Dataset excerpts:
BEGIN

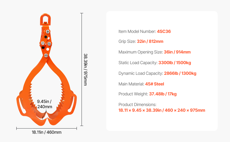Eagle claw -muotoilu varmistaa, että pihtien hampaat pureutuvat puuhun lujasti. Suurin avautumiskoko on 914mm, joten pihdeillä voi käsitellä kookkaita tukkeja ja muita raskaampia kappaleita. Rakenne tukee jopa 1500kg staattista kuormaa turvallista nostamista ja siirtämistä varten.
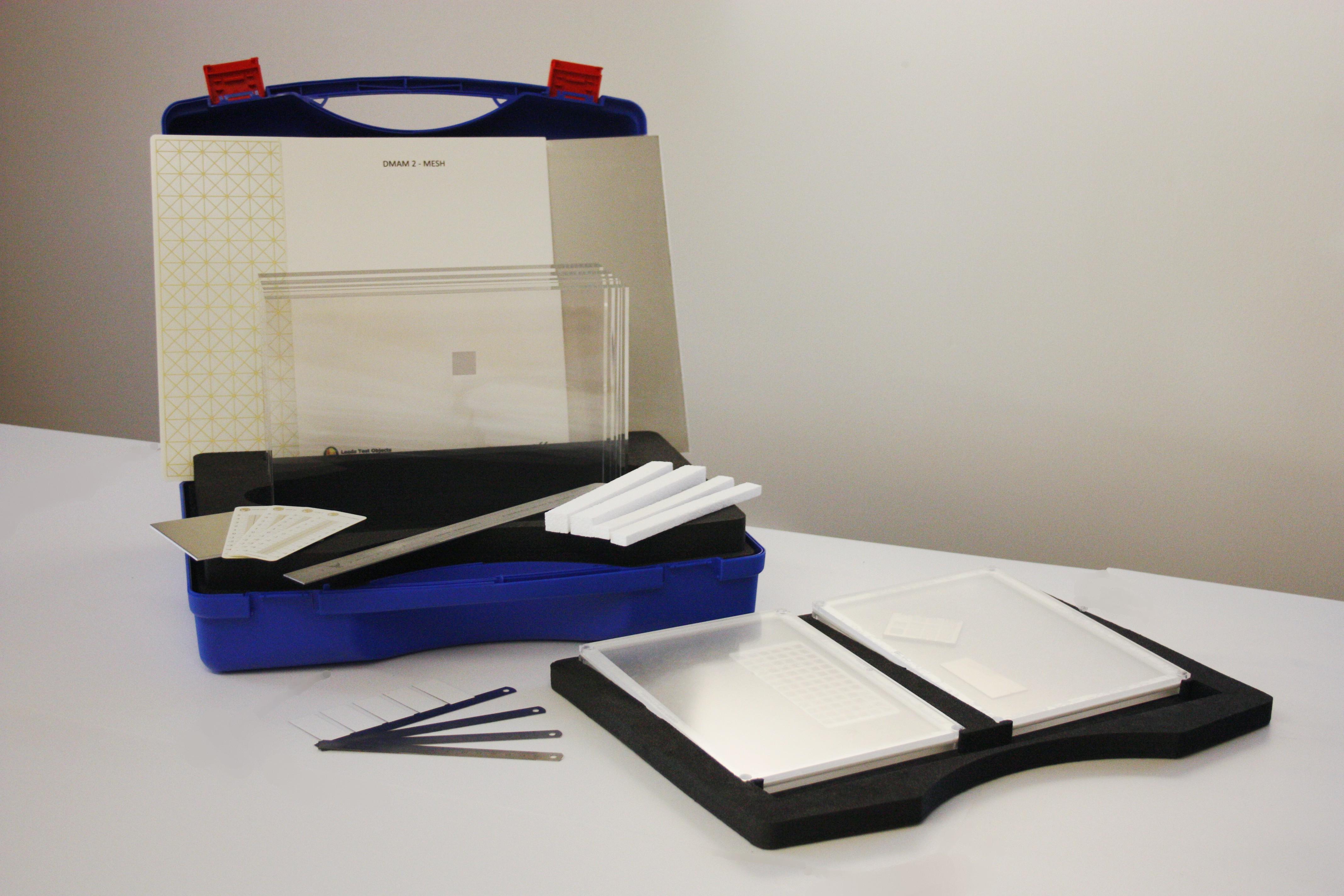 Designed in accordance with: European guidelines for quality assurance in breast cancer screening and diagnosis (fourth edition) – ISBN 92-79-01258-4 A set of test objects for digital mammography systems, designed to be used quickly and easily on a regular basis to provide an ongoing check of imaging performance, particularly those aspects which are most liable to deterioration. An ongoing record of the results of these checks will reveal any trend towards deterioration in imaging performance. DMAM2 contains the following: Threshold Contrast Details 63 contrast details in 6 sizes, dia range from 0.1mm to 2.0mm, contrast range 0.489% to 27.56% Filaments 6 groups of multi-directional filaments 0.40mm to 0.20mm diameter PMMA plates Polymethylmethacrylate (PMMA) plates with a dimensional tolerance of ¡À0.1mm. (1pc) 300 x 240 x 20mm (inc encapsulated 99.99% Al foil for SNR, CNR) (2pc) 300 x 240 x 20mm (1pc) 300 x 240 x 10mm (1pc) 300 x 240 x 5mm Radiopaque mesh 400 micron (mesh size #40) covering an area 300 x 240mm Radiopaque grid Horizontal, vertical and diagonal lines covering an area 300 x 240mm Stainless steel straight edge accurate to ¡À20 microns. Angled at 3¡ã Spatial Resolution Test Pattern 0.5 – 14.3 LP/mm. Angled at 45¡ã X-ray to Light Field Alignment Radiopaque Rulers x4, Phosphor Screens x5 Aluminium filter 2.0 ¡À10% mm 99.9%+ purity for homogeneity tests
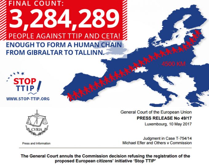 El caso es que se recogieron más de tres millones de firmas que respaldaban Iniciativa Ciudadana Europea (ICE), entre octubre de 2014 y octubre de 2015. Se consiguieron recabar votos de 23 países, aunque la legislación comunitaria indica que basta con que se alcance el mínimo número de votos en siete países. Se había solicitado a la Comisión Europea el registro de esta iniciativa, pero la VE la rechazó con el pretexto de que los mandatos de negociación sobre el TTIP y el CETA no eran todavía actos jurídicos, además, no se podían hacer propuestas de ratificación negativas, por lo que no se aceptaba la solicitud de la ICE.
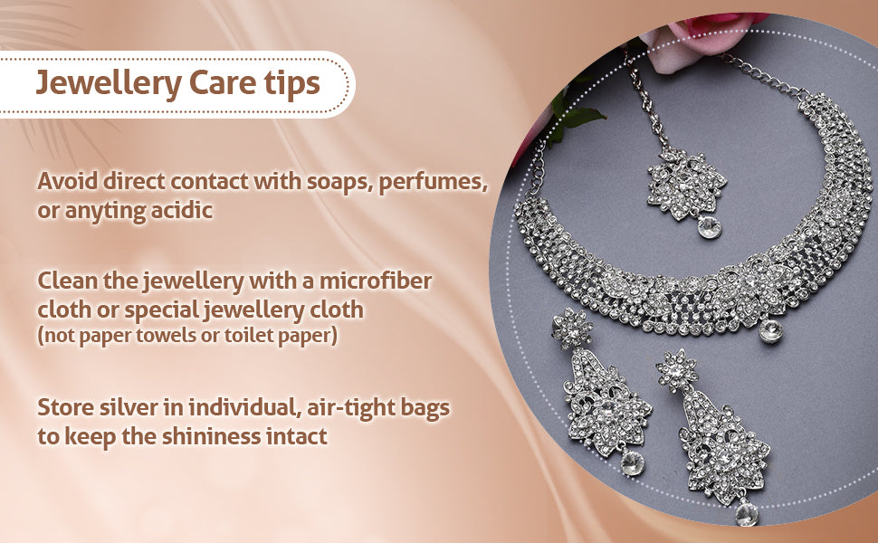 * Premium Rhodium Plating: This jewellery set is made with high-quality rhodium-plated silver, ensuring durability and resistance to tarnish. The rhodium plating enhances the shine and brilliance of the set, giving it an elegant and regal appearance.
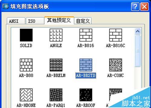 3、在弹出的【填充图案选项板】窗口上选取图案,有很多预设的,我这里想填充围墙,那就选取如下图案。
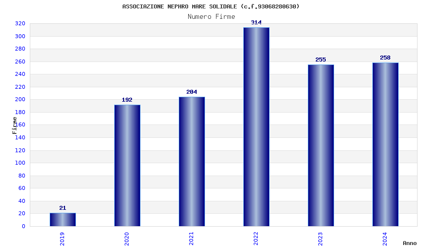 | Anno | Firme | Importi | Media | Naz. | Reg. | Prov. | Comu. |
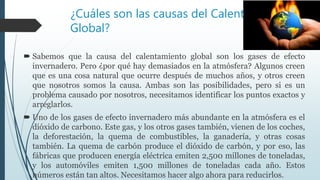 El calentamiento global es el aumento gradual de las temperaturas en la atmósfera y océanos, impulsado principalmente por los gases de efecto invernadero como el dióxido de carbono, generados por actividades humanas como la quema de combustibles y la deforestación. Esto provoca efectos perjudiciales, como el derretimiento de glaciares, la acidificación de océanos y un incremento de incendios forestales y tormentas intensas. Para mitigar estos impactos, se sugieren acciones como mejorar la eficiencia energética, reducir el uso de agua caliente y fomentar el reciclaje.
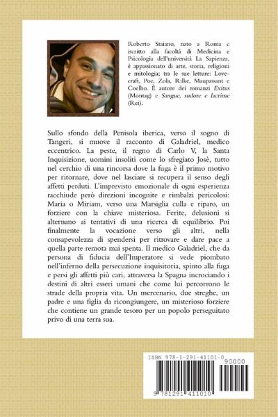 Aonia edizioni. Sullo sfondo della Penisola iberica si muove il racconto di Galadriel, medico eccentrico. La peste, il regno di Carlo V, la Santa Inquisizione, tutto nel cerchio di una rincorsa dove la fuga è il primo motivo per ritornare, dove nel lasciare si recupera il senso degli affetti perduti. L'imprevisto emozionale di ogni esperienza racchiude però direzioni incognite e rimbalzi pericolosi: Maria o Miriam, verso una Marsiglia culla e riparo, un forziere con la chiave misteriosa. Ferite, delusioni si alternano ai tentativi di una ricerca di equilibrio. Galadriel, che da persona di fiducia dell'Imperatore si vede piombato nell'inferno della persecuzione inquisitoria, spinto alla fuga e persi gli affetti più cari, attraversa la Spagna incrociando i destini di altri esseri umani che come lui percorrono le strade della propria vita. Un mercenario, due streghe, un padre e una figlia da ricongiungere, un misterioso forziere che contiene un grande tesoro per un popolo perseguitato privo di una terra sua.

END

YOUR GOAL:
Set the pictures aside and transcribe exactly the stretch of lines above, beginning with the one holding "3、在弹出的【填充图案选项板" and ending with the one holding "El calentamiento global".

RESULT OF THIS TASK:
 3、在弹出的【填充图案选项板】窗口上选取图案,有很多预设的,我这里想填充围墙,那就选取如下图案。
 | Anno | Firme | Importi | Media | Naz. | Reg. | Prov. | Comu. |
 El calentamiento global es el aumento gradual de las temperaturas en la atmósfera y océanos, impulsado principalmente por los gases de efecto invernadero como el dióxido de carbono, generados por actividades humanas como la quema de combustibles y la deforestación. Esto provoca efectos perjudiciales, como el derretimiento de glaciares, la acidificación de océanos y un incremento de incendios forestales y tormentas intensas. Para mitigar estos impactos, se sugieren acciones como mejorar la eficiencia energética, reducir el uso de agua caliente y fomentar el reciclaje.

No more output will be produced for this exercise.